The harness is deliberately low-tech: stateless one-shot calls, one self-contained prompt, grade the output. Three transports, one prompt:

  • Cloud models — OpenAI-/vendor-compatible one-shot calls (here via dpal/gpal MCP tools; any client works).
  • Local modelscurl/urllib POST to the Lemonade OpenAI-compatible endpoint (http://localhost:13305/api/v1/chat/completions), model id from /v1/models. Pull code blocks from content or reasoning_content so reasoning models stay gradeable.
  • Claude — a Haiku subagent with the same prompt.

The canonical prompt is the 12-task cheat-sheet above; the exact text lives with the eval scripts.
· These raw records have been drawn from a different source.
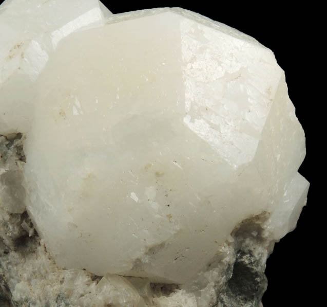 | Description: | Unusually large lustrous translucent white trapezohedral analcime crystals to 35 mm on greenish basalt. One corner of the largest analcime crystal has a crystallized impression (contact) from another crystal that it intersected. Ex. Robert (Bob) Horn collection |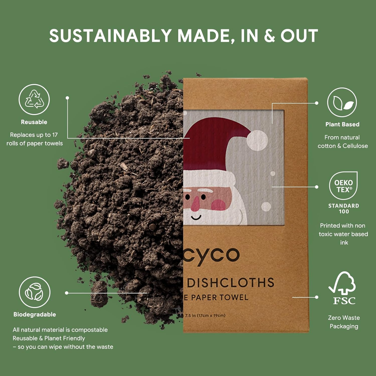 • Plant-Based & Biodegradable: Our 8” x 7” swedish dishcloth is 100% biodegradable, vegan, and free from harmful chemicals. Made from FSC certified cellulose and cotton fibers, it can decompose naturally in just 6-8 weeks, making it your best conscious choice for a greener lifestyle.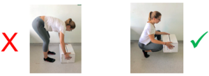 DO NOT LIFT heavy objects and avoid holding items at arms length. Always use a correct lifting technique, bending at the knees and not at your back (see following diagram). Avoid bending, twisting or leaning movements as these will increase the strain on your back.
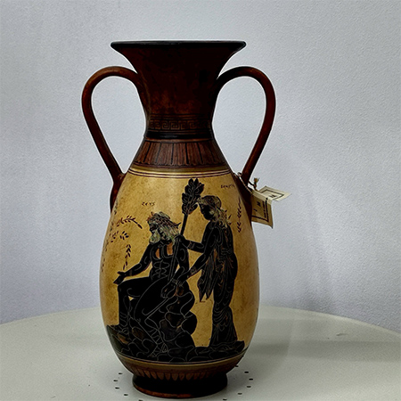 Κεραμικό βάζο. Χειροποίητο και ζωγραφισμένο στο χέρι. Κατασκευάζεται στην ΕΛΛΑΔΑ. ύψος 37 εκ. Στη μία πλευρά είναι ζωγραφισμένος ο θεός Δίας και η θεά Δήμητρα και στην άλλη ο θεός Απόλλωνας.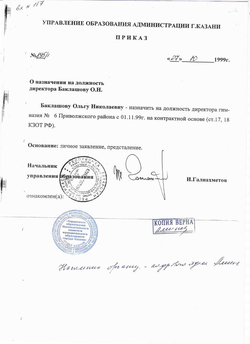 - Приказ Учредителя о назначении на должность директора гимназии № 6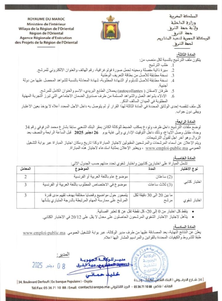 Ce concours est une étape importante pour toute personne souhaitant contribuer activement au développement de la région de l’Oriental et bâtir une carrière solide dans le secteur public.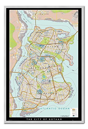 -. Title : Batan Begins Gotham City Map Poster Magnetic Notice Board Silver Framed - 96.5 x 66 cms (Approx 38 x 26 inches)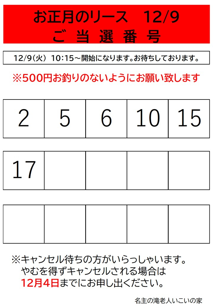 12月9日開催のお正月のリース抽選結果を発表させていただきます。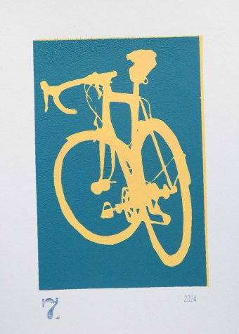 Jamie's Bike - Reverse Silhouette 7 Screenprint on paper, 8 x 6" Show Scale just one This print is ready to frame in a 10x8" matt. <-- [studio] -->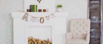 False fireplaces. By the way, if ready-made purchased options are not available, you can come up with and make an imitation fireplace yourself. This does not require special skills; you can easily assemble a beautiful structure yourself from cardboard, boards, drywall, or any available materials. To decorate the resulting structure, you can choose from: wallpaper, paint, plastic panels, tiles, stone or its imitation. Well, in order for such a dummy to look decent, it should be properly decorated inside and outside, and if possible, assemble an interesting imitation of fire.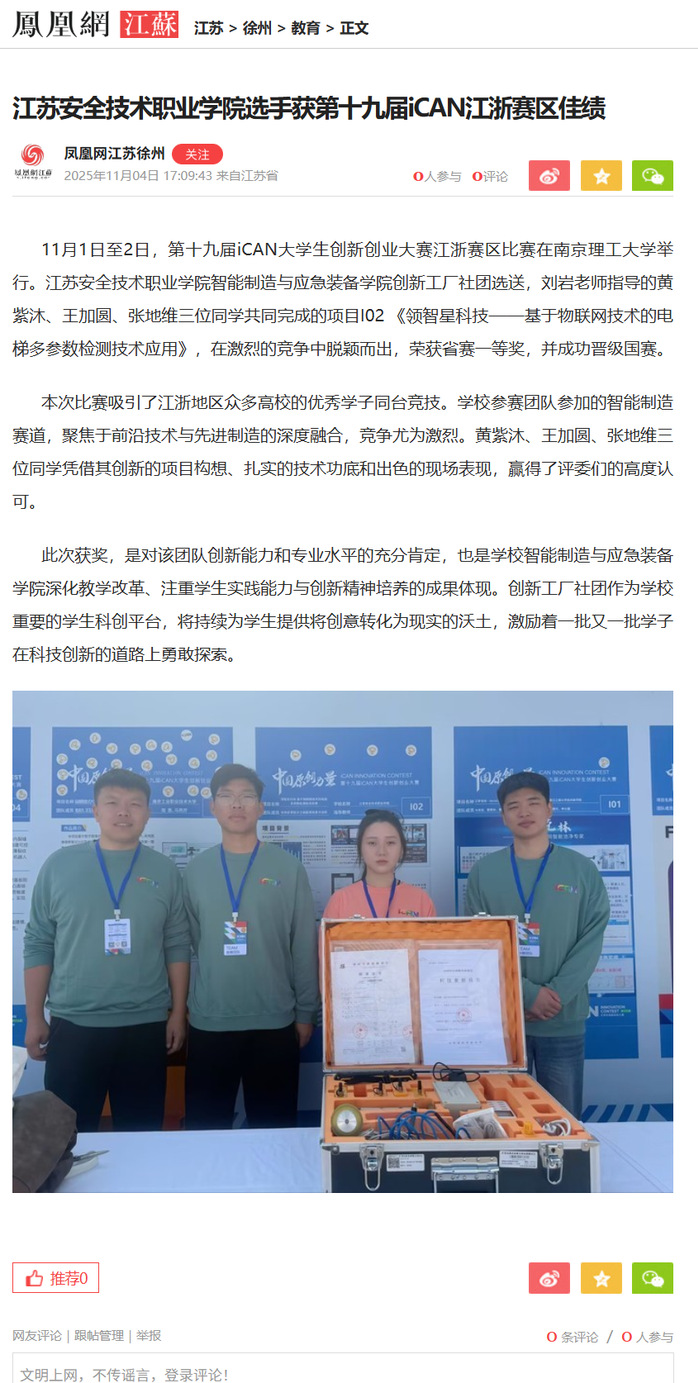 凤凰网江苏:江苏安全技术职业学院选手获第十九届iCAN江浙赛区佳绩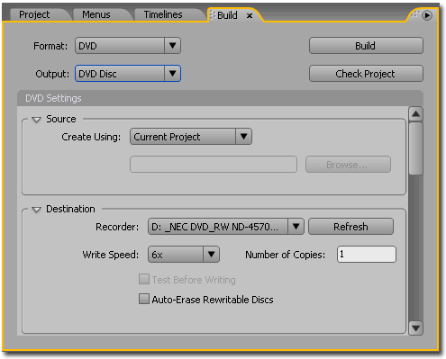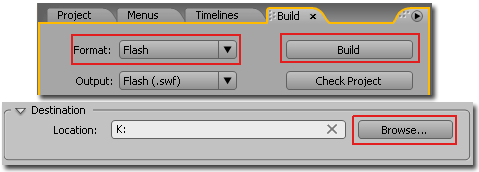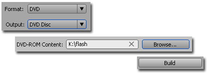 Еще один вариант использования Flash проекта это добавление его к DVD проекту. В пункте DVD-ROM Content с помощью кнопки Browse укажите, какие файлы вы хотите записать вместе с DVD проектом, и нажмите кнопку Build.

Grading is per-task pass/fail by hand (12 cells/model) — small enough to eyeball, and eyeballing is where you notice the divergences that matter.
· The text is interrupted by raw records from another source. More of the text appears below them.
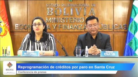La Viceministra de Pensiones y la Directora de la ASFI explicaron que la reprogramación de créditos se aplica a nivel nacional, desde el 11 de noviembre, y pueden acceder todos los sectores o personas naturales que tengan un crédito en el sistema financiero y que se hayan visto afectadas por el paro en Santa Cruz o de los efectos de fenómenos climatológicos.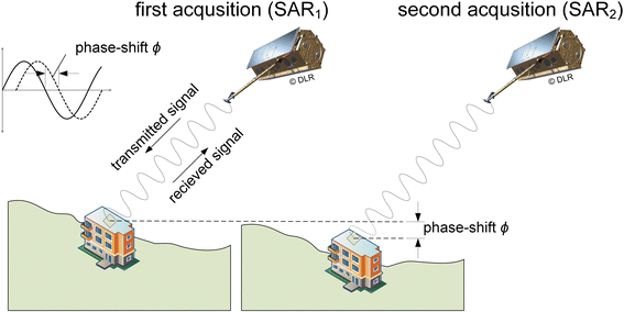 El desplazamiento se deriva del cambio de fase de dos adquisiciones de SAR. Imagen: Schindler et al., 2016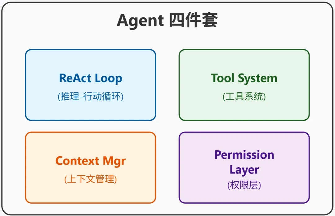 ReAct Loop + Tool System + Context Manager + Permission Layer——这就是 2026 年自主 Agent 的标准答案。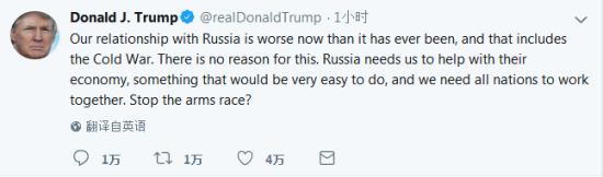 美国总统特朗普在推特上称美俄关系迎来史上最差阶段。/图片来自推特
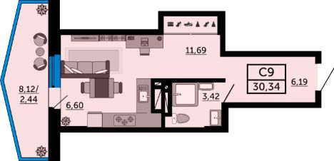 В продаже квартира-студия в новостройке. Лучшее решение для молодой семьи, под сдачу или для инвестиций. Эта квартира привлекает внимание своей функциональностью, уютом и современным планированием помещений. Прихожая переходит в просторную основную комнату, которая предоставляет вам полную свободу для создания зон по вашему вкусу. Из неё, в свою очередь, есть выход на большой балкон площадью около 8 квадратных метров.Успейте забронировать квартиру мечты напрямую от застройщика.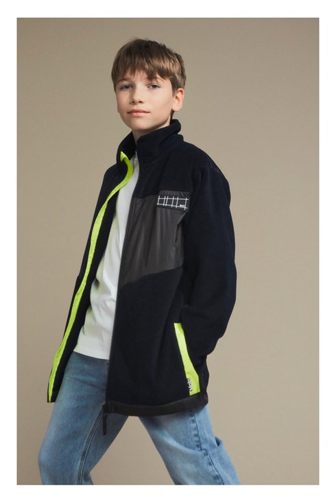 Urbain er Molo's nye cool fleecejakke i mørkeblå med neon grønne detaljer, samt paneler med en skinnende overflade på både front og ryg. Jakken har lynlåslunking og lynlåslommer. Kombiner jakken med matchende flaace bukser.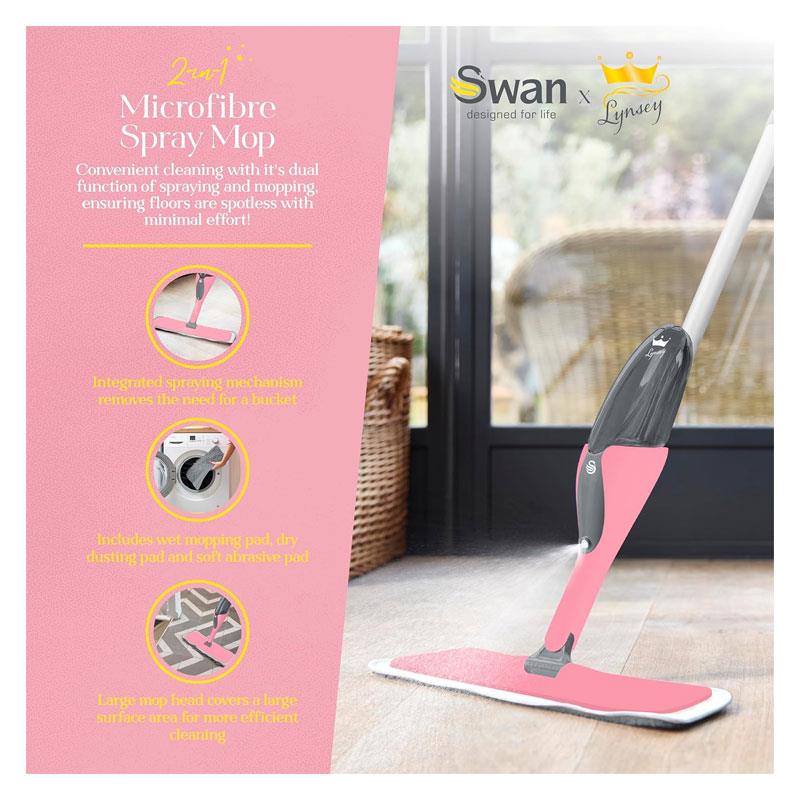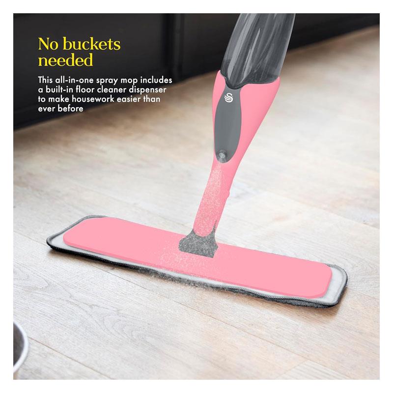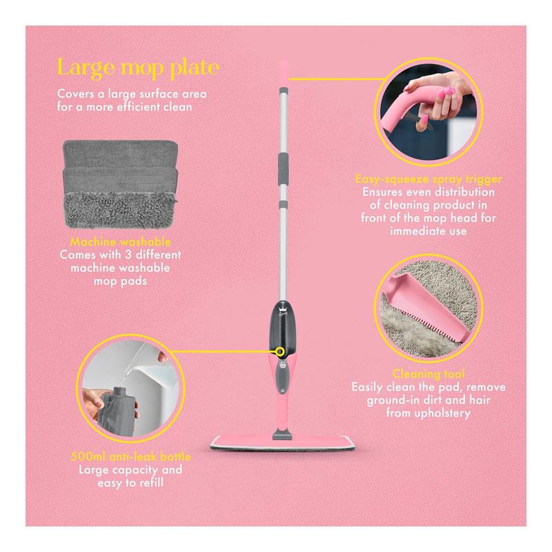 Swan Lynsey Queen of Clean Spray Mop – Pink | 3 Mop Pads, 500ml Anti-Leak Bottle

Total cost for this round: a few dozen one-shot calls and a couple of local inferences — minutes, not hours.


Takeaways

  1. The final kaish collection syntax is model-portable. 12/12 across six models spanning three vendors and flagship → fast → mid-size-local tiers. No vendor's training prior fights it — and the first model to miss anything (a ~4B local) missed on shell $-sigils, not on the syntax. The design sits above the capability floor.
  2. Divergence is a spec gap wearing a model costume. Every failure we saw traced to an under-specified corner, and fixing the spec fixed every model at once.
  3. Tier predicts robustness-to-bad-spec, not robustness-to-good-spec. Design for the weak tail; the flagships are along for the ride.
  4. Completeness > strength. A single missing != line caused more failures than any syntax choice. The capable model still face-plants on a hole in the docs.
  5. Mind the reasoning channel when grading local/quantized models, or you'll score a correct model as a blank.

Panel: DeepSeek V4 (Pro/Flash), Gemini 3 (Pro/Flash-Lite), Claude Haiku 4.5, Gemma-4-26B-A4B (Q4, local) — all 12/12; Gemma-4-E4B (Q4, local) 9/12 (sigil floor); GLM-4.5-Air and Qwen3-Coder-Next (Q4, local) failed to load. June 2026. Method: designing-syntax-with-llms.md.